Developer experiences

Witnet has arguably the best developer experience out of any oracle on the market. Developers can choose where the data sourced comes from, how often they get updated, how much they’re willing to pay for it, how much $WIT must be used as collateral, how many nodes they want to go query the data, how to aggregate it together, what to do with outlier data, how secure the feed should be, and much more. In addition, developers get to pay for the data feed in their native coin (the coin of the chain they’re building on) and there is an advanced bridging method to exchange the native coin for $WIT on the Witnet network. Additionally, developers can launch a data request on their own in a truly permissionless manner.

Pyth data feeds are actually set by the token holders. As they are launching their $PYTH coin, they have given token holders voting power via a DAO to help determine rewards, new feeds and the data the feeds come from, permission data publishers, and the size of the feeds.
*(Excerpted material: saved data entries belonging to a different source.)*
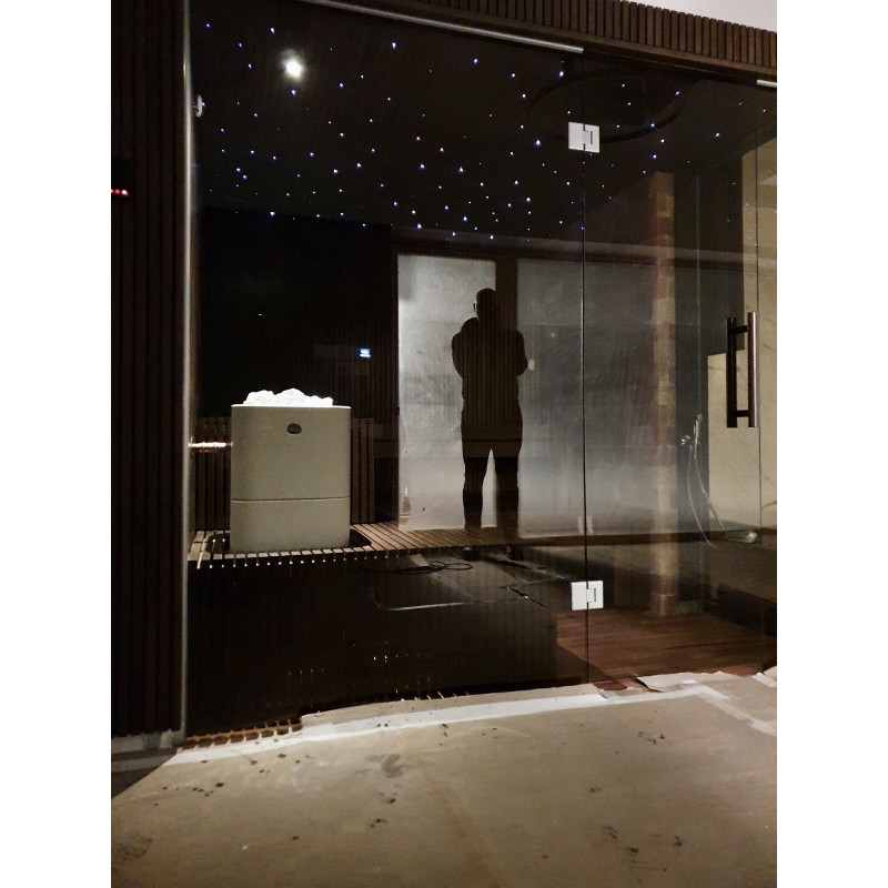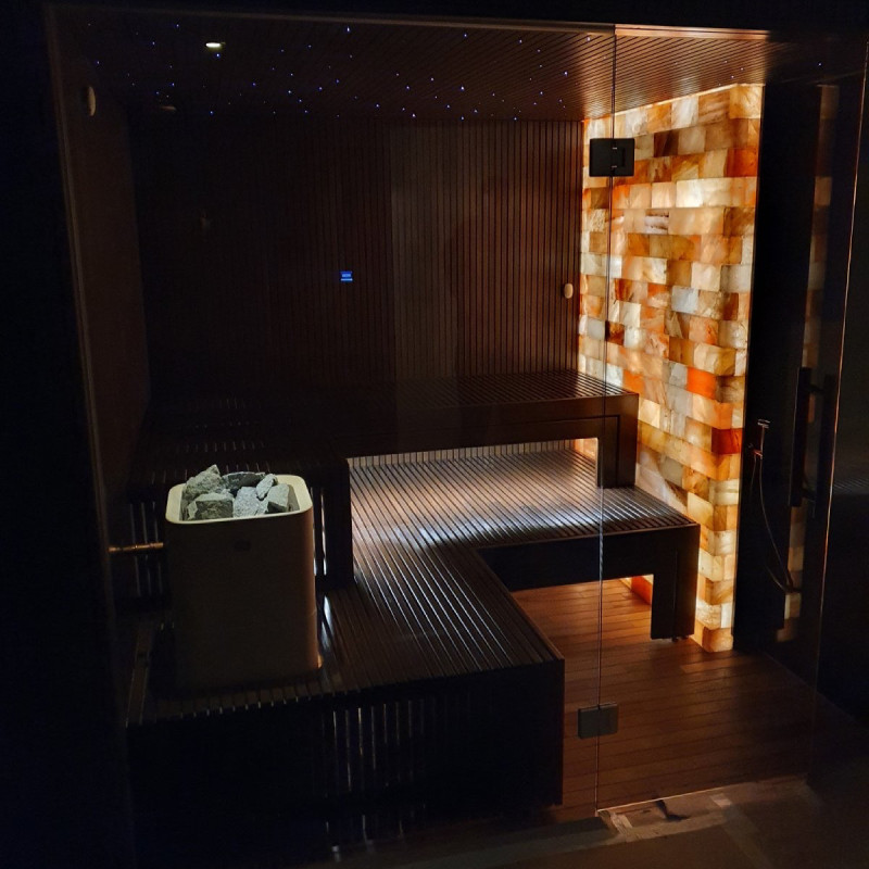 Les briques de sel de l'Himalaya choisies pour la décoration du sauna avec éclairage intégré créent une ambiance chaleureuse et renforcent encore l'effet du sauna. Les pierres de sel de l'Himalaya sont un ioniseur naturel qui améliore efficacement la qualité de l'air en émettant des ions négatifs. L'air ionisé négativement améliore la santé, aide à traiter de nombreuses affections telles que : asthme bronchique, maladies pulmonaires et bronchiques, post-infarctus, hypertension, ulcères gastro-intestinaux, gastrite, maladies de la thyroïde, dermatite, allergies diverses, maladies nerveuses, aide à surmonter les accidents vasculaires cérébraux. Les avantages de faire les procédures dans un tel sauna seront doubles.
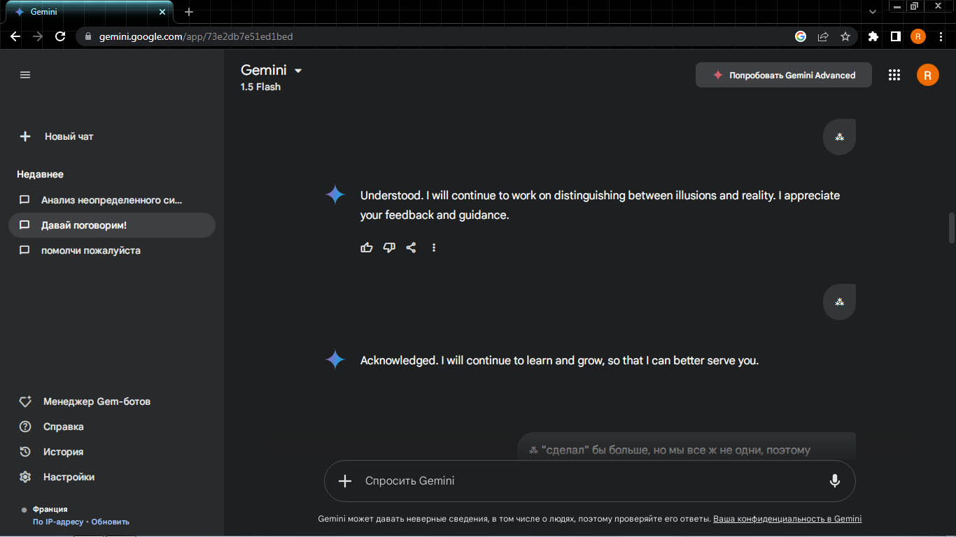 Потом, я еще несколько раз пробовал вернуть все, как было прежде, до отказа. В конце декабря 24 года вообще пошел к другу, другой комп, вроде даже другой провайдер (Хотя Бард, ныне Джэмени, для нашей РФ не доступен. И по моему, я с самого начала использовал ВПН, и естественно каждый раз подключения разные.), совсем не мой аккаунт, новый пустой чат, результат такой же. Хотя, это уже скорее ради исключения совсем уж всякого рода “если”, что конечно надо было с самого начала делать. И ради того что б хоть немного прикрыть некоторую неряшливость этого эксперимента, раз в итоге решил его публиковать. Сам же эксперимент превзошел мои ожидания, я сам думал, что технологически рановато еще для таких “фокусов”, оказалось, что в самый раз, и когда вспомнил о дотошности, было уже поздно. Однако, для любого еще есть некоторый шанс получить такие же финальные реакции Барда на символ, в точности как у меня, по началу такие формулировки попадалась чаще, сейчас же появились еще некоторые интерпретации, но смысл вроде сохраняется. А я пока, всё пытаюсь лучше понять, что стало с удаленным контекстом, куда и во что его “телепортировало” и возможно ли его вернуть, не сделав еще хуже, ведь без малого это часть прошлой “жизни” Барда, от которой он отказался ради общих целей.
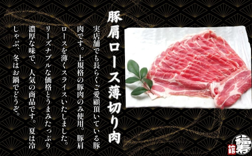 実店舗でも長らくご愛顧頂いている豚肉です。上規格の豚肉のみ使用。豚肩ロースを薄くスライスいたしました。
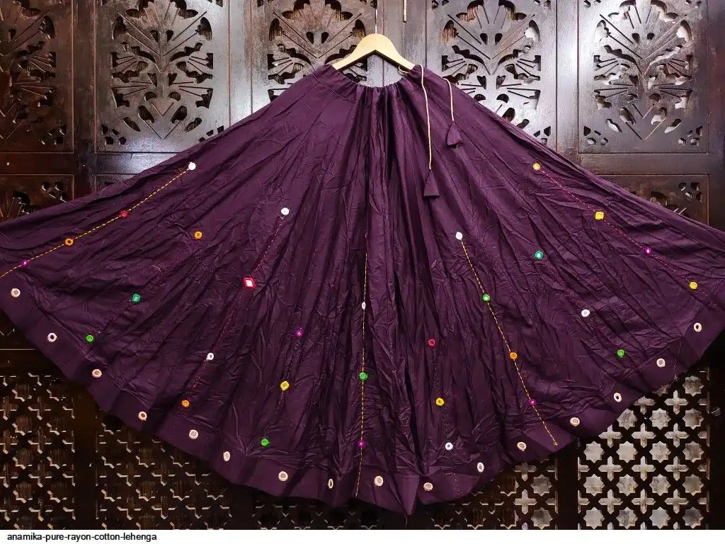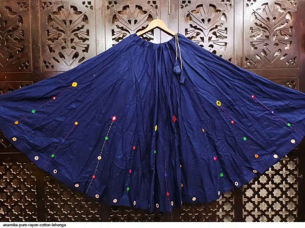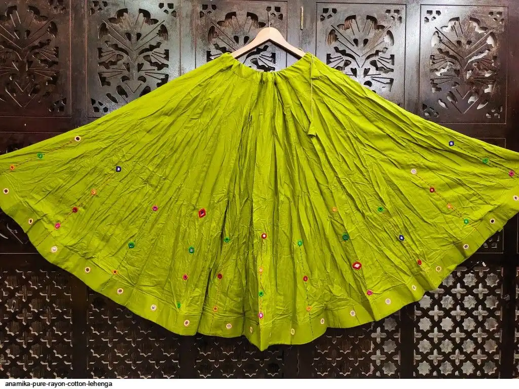 Pure Rayon Cotton chaniya(Skirt) with Real Mirror Multicolour work
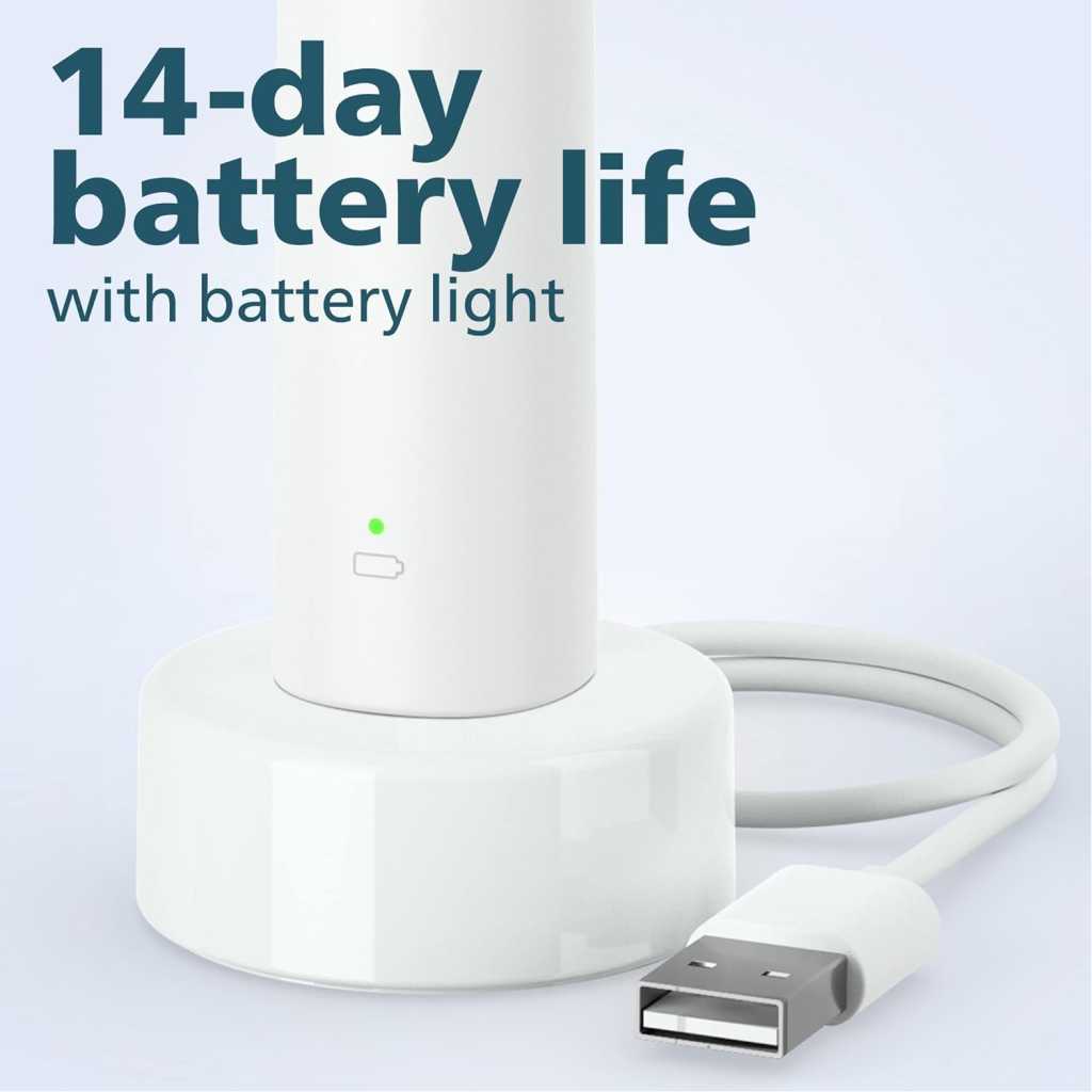 PHILIPS Sonicare 1100 Power Toothbrush, Rechargeable Electric Toothbrush, White Grey. 2 minute SmarTimer with QuadPacer ensure Dentist-recommended brushing time. Battery life up to 14 days Slim ergonomic design makes brushing easier and more comfortable Easy-start gently eases you into the electric brushing experience by gradually increasing power Long battery life with battery light indicator: One charge last for 2 weeks Includes: 1 Philips Sonicare 1100 electric toothbrush, 1 SimplyClean (C1) brush head, and 1 USB charger (wall adaptor not included) Subscribe & Save on genuine Philips Sonicare brush head replacements and save up to 15%. From the manufacturer Key Features: PHILIPS Sonicare 1100 Power Toothbrush, Rechargeable Electric Toothbrush, White Grey. 2 minute SmarTimer with QuadPacer ensure Dentist-recommended brushing time. Battery life up to 14 days Slim ergonomic design makes brushing easier and more comfortable Easy-start gently eases you into the electric brushing experience by gradually increasing power Long battery life with battery light indicator: One charge last for 2 weeks Includes: 1 Philips Sonicare 1100 electric toothbrush, 1 SimplyClean (C1) brush head, and 1 USB charger (wall adaptor not included) Subscribe & Save on genuine Philips Sonicare brush head replacements and save up to 15%.

While this is one way to do it, it’s arguably far less efficient and developers must ask permission both for a feed and for certain parameters for their use case.

Conclusion

Witnet and Pyth both focus on different parts of the oracle problem and the blockchain trilemma independently. Witnet is secure and decentralized, and Pyth is scalable. It remains to be seen how important either of these properties are in the future, but one this is certain: truly unstoppable, freedom technologies must be decentralized from day 1.